(Dataset items)
+---+

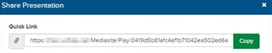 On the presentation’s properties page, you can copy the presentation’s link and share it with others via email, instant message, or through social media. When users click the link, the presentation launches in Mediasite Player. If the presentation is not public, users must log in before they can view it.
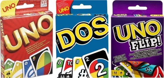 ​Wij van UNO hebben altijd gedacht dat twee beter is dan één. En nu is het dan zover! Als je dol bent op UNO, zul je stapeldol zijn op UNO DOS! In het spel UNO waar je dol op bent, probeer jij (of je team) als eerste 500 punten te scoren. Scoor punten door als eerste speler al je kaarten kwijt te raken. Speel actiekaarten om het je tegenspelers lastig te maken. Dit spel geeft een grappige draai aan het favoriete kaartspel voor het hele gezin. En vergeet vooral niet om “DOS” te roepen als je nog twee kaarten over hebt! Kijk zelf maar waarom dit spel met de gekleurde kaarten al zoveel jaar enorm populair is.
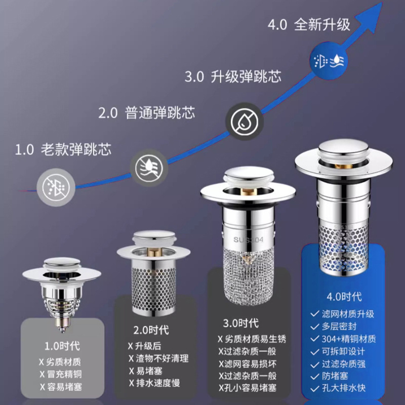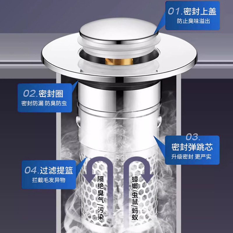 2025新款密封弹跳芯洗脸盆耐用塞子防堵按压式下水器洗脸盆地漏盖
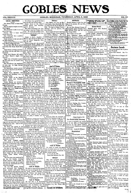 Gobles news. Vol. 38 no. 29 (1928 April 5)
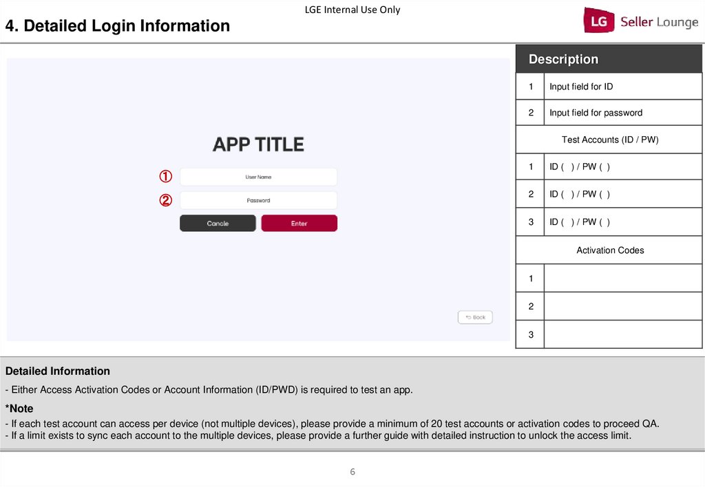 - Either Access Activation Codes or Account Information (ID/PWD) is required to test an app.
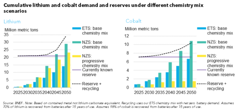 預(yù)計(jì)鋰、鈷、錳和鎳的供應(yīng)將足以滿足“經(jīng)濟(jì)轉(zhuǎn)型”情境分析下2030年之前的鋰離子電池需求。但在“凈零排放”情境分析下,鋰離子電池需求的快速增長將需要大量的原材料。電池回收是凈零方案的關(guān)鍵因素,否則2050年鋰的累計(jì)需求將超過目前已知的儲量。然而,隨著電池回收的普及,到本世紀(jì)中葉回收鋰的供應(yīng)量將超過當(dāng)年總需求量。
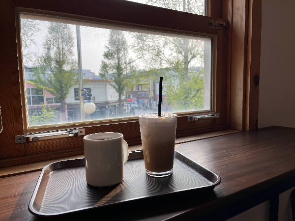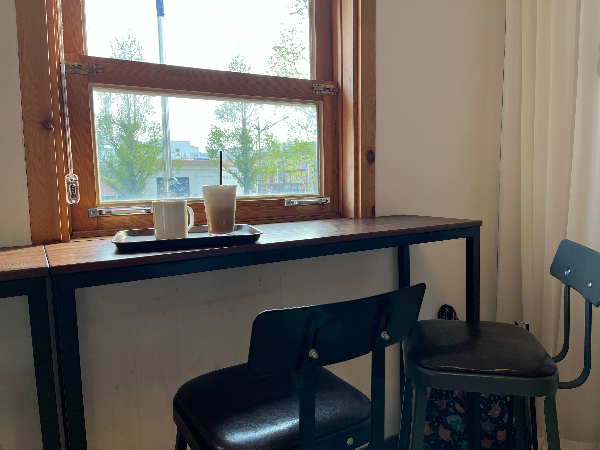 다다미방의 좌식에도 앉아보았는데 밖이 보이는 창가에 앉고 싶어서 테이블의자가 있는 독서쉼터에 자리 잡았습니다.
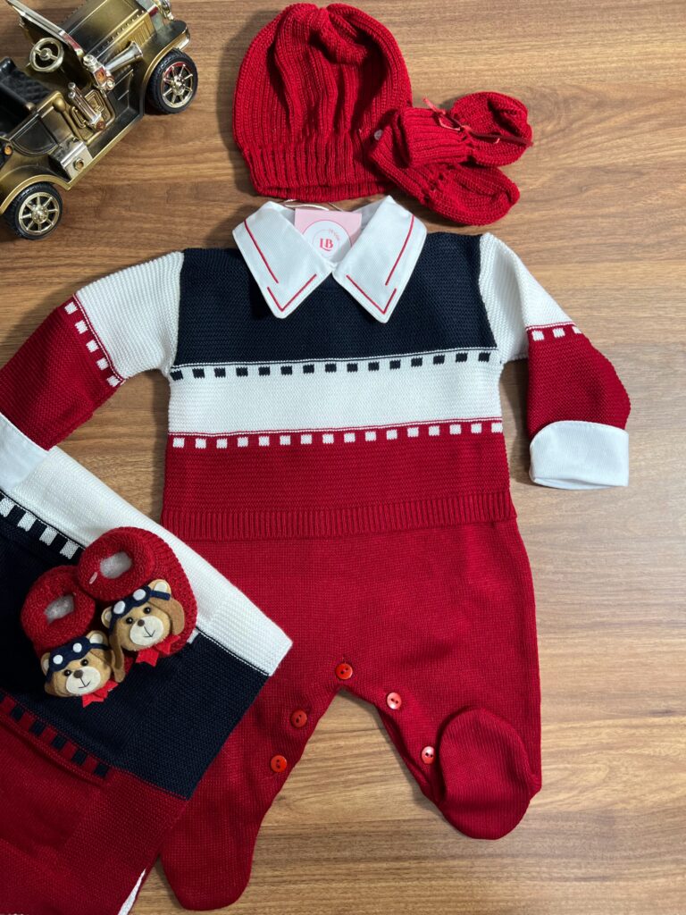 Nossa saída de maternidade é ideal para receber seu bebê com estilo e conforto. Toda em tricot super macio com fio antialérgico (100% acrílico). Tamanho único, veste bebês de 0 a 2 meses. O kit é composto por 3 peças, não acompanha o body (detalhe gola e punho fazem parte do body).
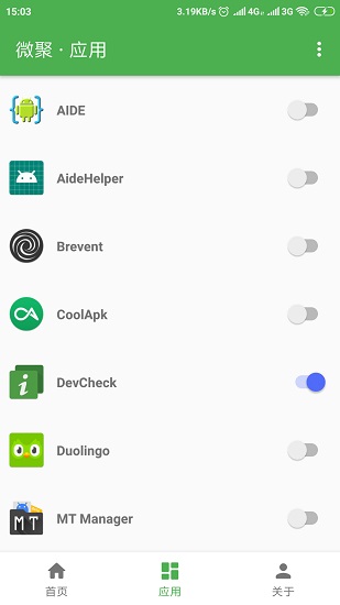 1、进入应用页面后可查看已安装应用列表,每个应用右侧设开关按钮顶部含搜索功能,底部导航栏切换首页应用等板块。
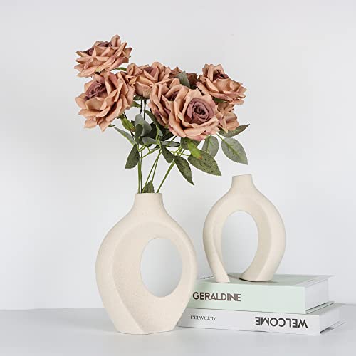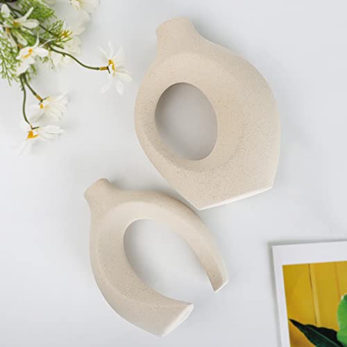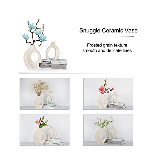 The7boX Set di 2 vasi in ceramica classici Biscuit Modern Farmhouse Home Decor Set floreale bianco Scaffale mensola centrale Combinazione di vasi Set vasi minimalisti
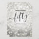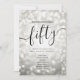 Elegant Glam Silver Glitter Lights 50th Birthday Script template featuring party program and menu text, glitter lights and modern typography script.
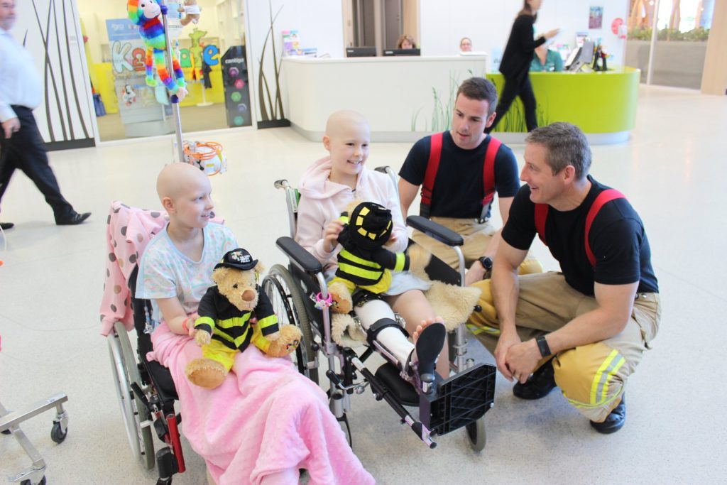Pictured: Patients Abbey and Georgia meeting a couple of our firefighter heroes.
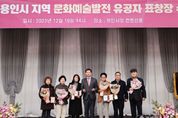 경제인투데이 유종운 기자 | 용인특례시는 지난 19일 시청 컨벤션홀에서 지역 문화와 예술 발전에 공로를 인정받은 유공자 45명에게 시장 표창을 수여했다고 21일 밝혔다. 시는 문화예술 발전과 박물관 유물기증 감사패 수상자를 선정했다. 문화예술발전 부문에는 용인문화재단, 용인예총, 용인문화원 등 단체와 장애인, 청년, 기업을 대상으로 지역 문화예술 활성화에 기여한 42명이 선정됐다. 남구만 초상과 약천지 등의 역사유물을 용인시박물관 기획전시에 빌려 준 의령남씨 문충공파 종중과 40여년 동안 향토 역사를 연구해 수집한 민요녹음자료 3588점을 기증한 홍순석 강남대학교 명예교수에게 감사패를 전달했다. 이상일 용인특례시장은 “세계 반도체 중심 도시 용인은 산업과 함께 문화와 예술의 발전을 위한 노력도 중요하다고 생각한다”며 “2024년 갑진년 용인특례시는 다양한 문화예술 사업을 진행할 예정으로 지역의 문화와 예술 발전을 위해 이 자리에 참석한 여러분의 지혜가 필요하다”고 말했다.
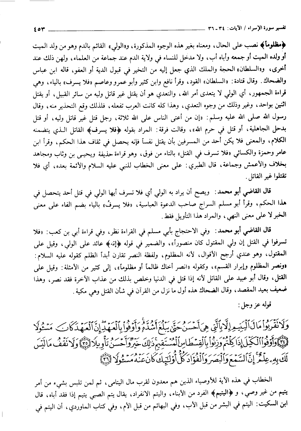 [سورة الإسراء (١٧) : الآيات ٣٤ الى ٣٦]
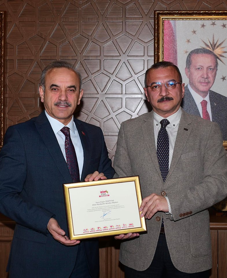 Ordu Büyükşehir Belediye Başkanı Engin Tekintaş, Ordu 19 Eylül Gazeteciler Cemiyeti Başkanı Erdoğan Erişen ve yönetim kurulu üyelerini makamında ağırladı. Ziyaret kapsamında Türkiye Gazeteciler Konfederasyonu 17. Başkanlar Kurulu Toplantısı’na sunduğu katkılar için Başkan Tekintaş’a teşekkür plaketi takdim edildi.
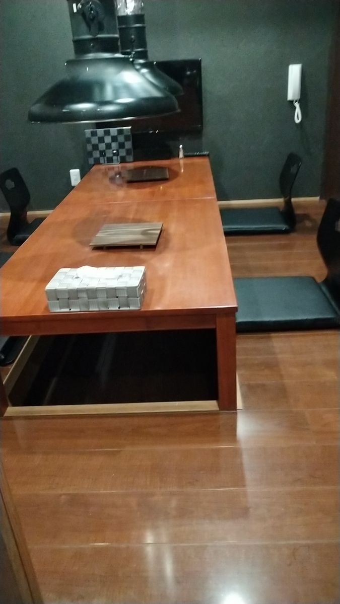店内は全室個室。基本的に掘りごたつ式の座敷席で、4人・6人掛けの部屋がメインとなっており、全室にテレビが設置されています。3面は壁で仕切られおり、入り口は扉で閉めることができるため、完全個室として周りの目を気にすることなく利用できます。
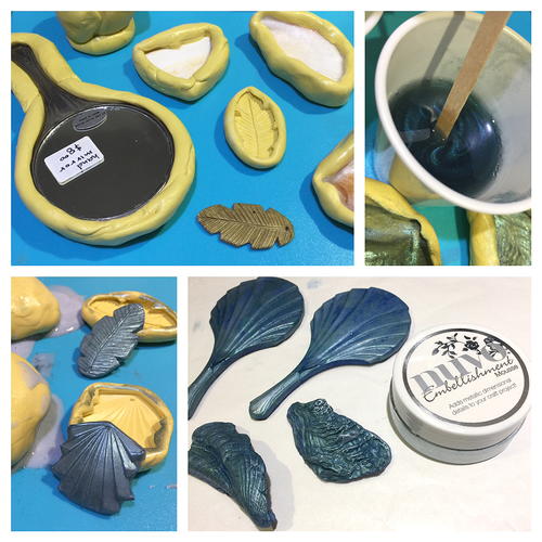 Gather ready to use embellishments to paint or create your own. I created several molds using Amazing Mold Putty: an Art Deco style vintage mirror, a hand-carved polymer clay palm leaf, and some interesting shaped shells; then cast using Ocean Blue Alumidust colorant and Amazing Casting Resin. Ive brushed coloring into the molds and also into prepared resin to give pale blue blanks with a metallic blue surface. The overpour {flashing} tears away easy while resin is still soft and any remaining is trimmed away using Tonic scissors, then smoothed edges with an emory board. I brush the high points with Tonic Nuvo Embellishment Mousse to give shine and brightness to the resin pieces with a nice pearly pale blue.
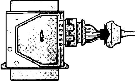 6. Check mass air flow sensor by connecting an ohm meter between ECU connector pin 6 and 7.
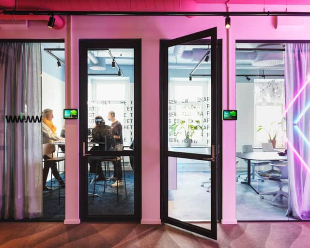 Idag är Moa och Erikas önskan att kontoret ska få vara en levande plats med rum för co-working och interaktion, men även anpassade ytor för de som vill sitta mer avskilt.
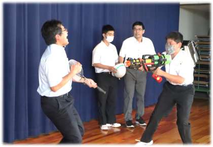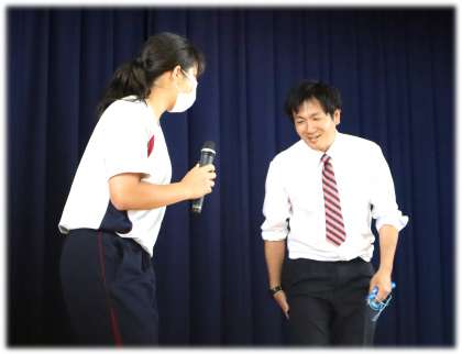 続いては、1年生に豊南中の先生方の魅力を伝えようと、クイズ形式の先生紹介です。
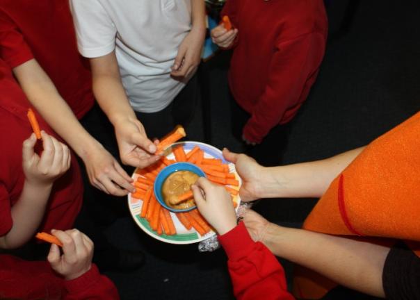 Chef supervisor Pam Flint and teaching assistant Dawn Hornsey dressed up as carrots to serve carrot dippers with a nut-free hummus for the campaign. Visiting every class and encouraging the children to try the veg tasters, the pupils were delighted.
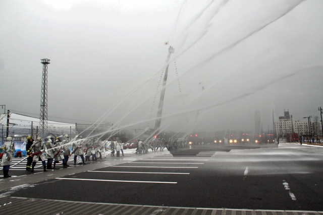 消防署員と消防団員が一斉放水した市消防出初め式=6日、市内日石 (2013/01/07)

+---+

▶ _PROBLEM TO WORK ON_
Precisely those lines above that run from the line with "Elegant Glam Silver" up to and including the line with "店内は全室個室。基本的に掘り" are to be set down, with the pictures omitted.

▶ _SOLUTION FOR THIS EXERCISE_
 Elegant Glam Silver Glitter Lights 50th Birthday Script template featuring party program and menu text, glitter lights and modern typography script.
Pictured: Patients Abbey and Georgia meeting a couple of our firefighter heroes.
 경제인투데이 유종운 기자 | 용인특례시는 지난 19일 시청 컨벤션홀에서 지역 문화와 예술 발전에 공로를 인정받은 유공자 45명에게 시장 표창을 수여했다고 21일 밝혔다. 시는 문화예술 발전과 박물관 유물기증 감사패 수상자를 선정했다. 문화예술발전 부문에는 용인문화재단, 용인예총, 용인문화원 등 단체와 장애인, 청년, 기업을 대상으로 지역 문화예술 활성화에 기여한 42명이 선정됐다. 남구만 초상과 약천지 등의 역사유물을 용인시박물관 기획전시에 빌려 준 의령남씨 문충공파 종중과 40여년 동안 향토 역사를 연구해 수집한 민요녹음자료 3588점을 기증한 홍순석 강남대학교 명예교수에게 감사패를 전달했다. 이상일 용인특례시장은 “세계 반도체 중심 도시 용인은 산업과 함께 문화와 예술의 발전을 위한 노력도 중요하다고 생각한다”며 “2024년 갑진년 용인특례시는 다양한 문화예술 사업을 진행할 예정으로 지역의 문화와 예술 발전을 위해 이 자리에 참석한 여러분의 지혜가 필요하다”고 말했다.
 [سورة الإسراء (١٧) : الآيات ٣٤ الى ٣٦]
 Ordu Büyükşehir Belediye Başkanı Engin Tekintaş, Ordu 19 Eylül Gazeteciler Cemiyeti Başkanı Erdoğan Erişen ve yönetim kurulu üyelerini makamında ağırladı. Ziyaret kapsamında Türkiye Gazeteciler Konfederasyonu 17. Başkanlar Kurulu Toplantısı’na sunduğu katkılar için Başkan Tekintaş’a teşekkür plaketi takdim edildi.
店内は全室個室。基本的に掘りごたつ式の座敷席で、4人・6人掛けの部屋がメインとなっており、全室にテレビが設置されています。3面は壁で仕切られおり、入り口は扉で閉めることができるため、完全個室として周りの目を気にすることなく利用できます。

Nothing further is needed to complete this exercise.